On 25 April, as a result of Turkish airstrikes targeting the Kurdistan Workers Party (PKK) on and around Mt. Sinjar, and the People’s Protection Units (YPG) base in Karashoq, in northern Iraq, five Peshmerga soldiers and over 18 Kurdish YPG fighters were killed. The Kurdistan Democratic Party (KDP) and Kurdish government officials called on the PKK to leave the Sinjar region.
“This painful and unacceptable attack on Peshmerga forces by Turkish warplanes is a result of PKK’s presence in and around Sinjar. PKK has been problematic for the people of the Kurdistan Region and, despite broad calls to withdraw, refuses to leave Sinjar,” the Ministry of Peshmerga in Iraqi Kurdistan said on Tuesday.
“We call upon PKK to withdraw from Mt. Sinjar and surrounding areas. PKK must stop destabilizing and escalating tensions in the area to allow life to return to the people of the area,” the MoP added.
“I strongly condemn Turkish air strikes killing 5 Peshmerga and wounding nine others PKK must leave Kurdistan Region to avoid such tragedies,” KRG foreign relations head Falah Mustafa said.
On 3 March, clashes broke out between KDP-linked and PKK-linked fighters in the Yezidi district of Sinjar in northern Iraq. At least 7 PKK-affiliated fighters were reported dead in the clashes. This led to severe tensions between the PKK and the KDP in both Syria and Iraq.
The KDP has called on the PKK to leave Sinjar, while the PKK says they are building a local self-administration for the Yezidis and that there are joint plans by Turkey and AKP to ‘attack the Yezidis’.
“They [KDP] are afraid of the system in Shingal [Sinjar], it’s a model,” a PKK official in Slemani told ARA News. “The [Yezidi’s] have their own self-administration, system, and party,” he said.
It’s unlikely that the recent Turkish airstrikes will lessen tensions between the two factions in Sinjar.
“Probably they [PKK] would stay. They would never give up,” Oytun Orhan, researcher with the Turkish Orsam think tank in Ankara told ARA News.
“It is critical for them in such an environment, Syria issue, fight against Daash, so probably a solution to Sinjar needs time. In the long run, the KDP should retake those areas. But I don’t think just because Turkey attack [them], they will withdraw from that area. In the short term, I mean” he said.
“PKK has become source of Turkish aggression in the region, in Sinjar, so the KDP might ask PKK to leave,” he said. “For not giving Turkey an excuse to attack that area, might also increase KDP pressure to the PKK to leave that area. But in short term they will not give up their entity in Sinjar,” he concluded.
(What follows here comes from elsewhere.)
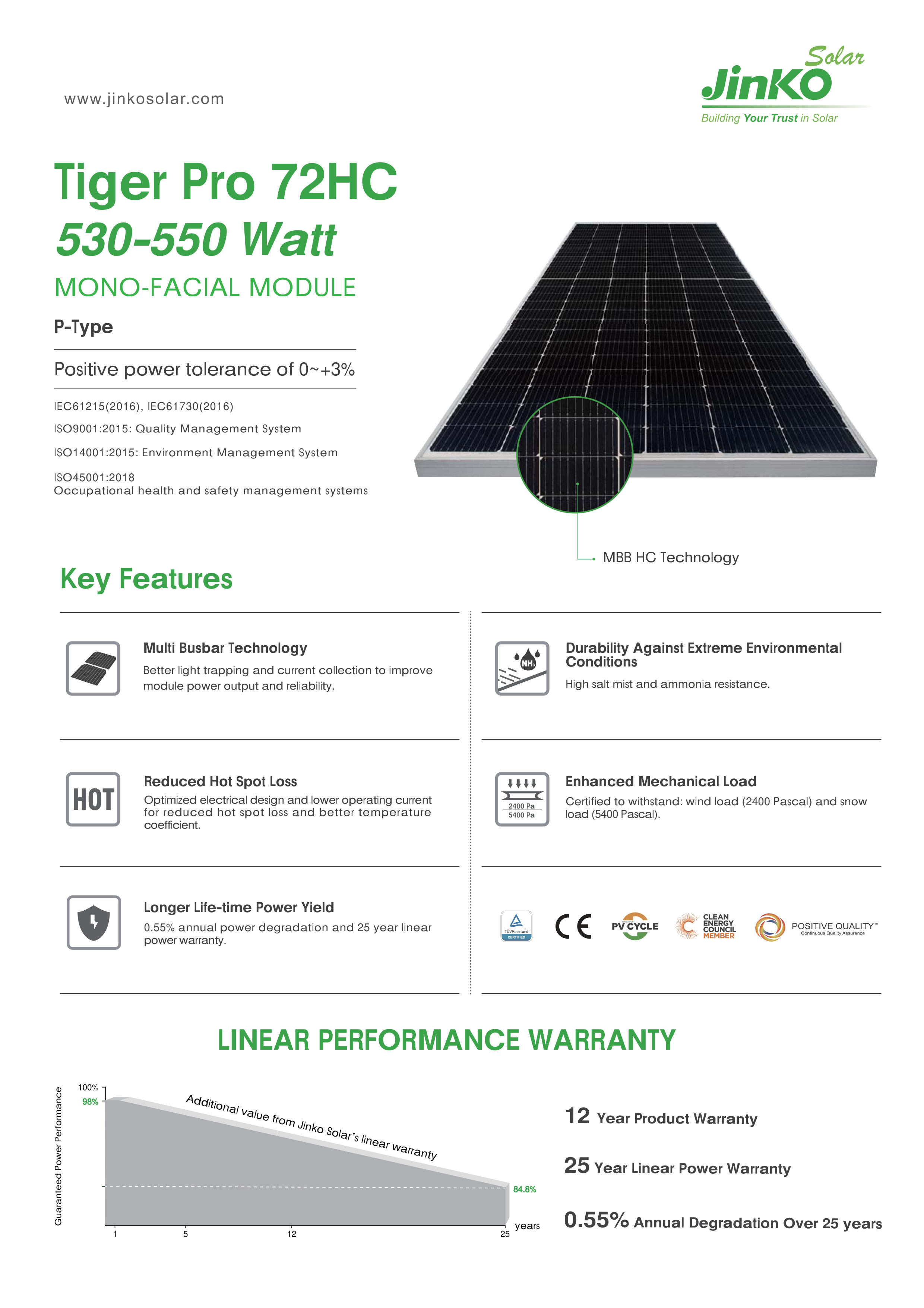 The Jinko Solar Tiger Pro 72HC 550W is a high-power module engineered for large commercial, industrial, and utility-scale installations. Using advanced Multi-Busbar (MBB) technology and a 144-cell half-cut layout, this panel delivers excellent efficiency, improved reliability, and strong energy yield even under low-light conditions.

Abdulla Hawez, a Kurdish journalist and student at King’s College in London, told ARA News: “I don’t think the PKK would withdraw from Sinjar, they think since they have a big role in rescuing the Yezidis after the 2014 massacre they have a responsibility to stay there. PKK considers themselves protecters of Yezidis, this is why they refuse to leave.”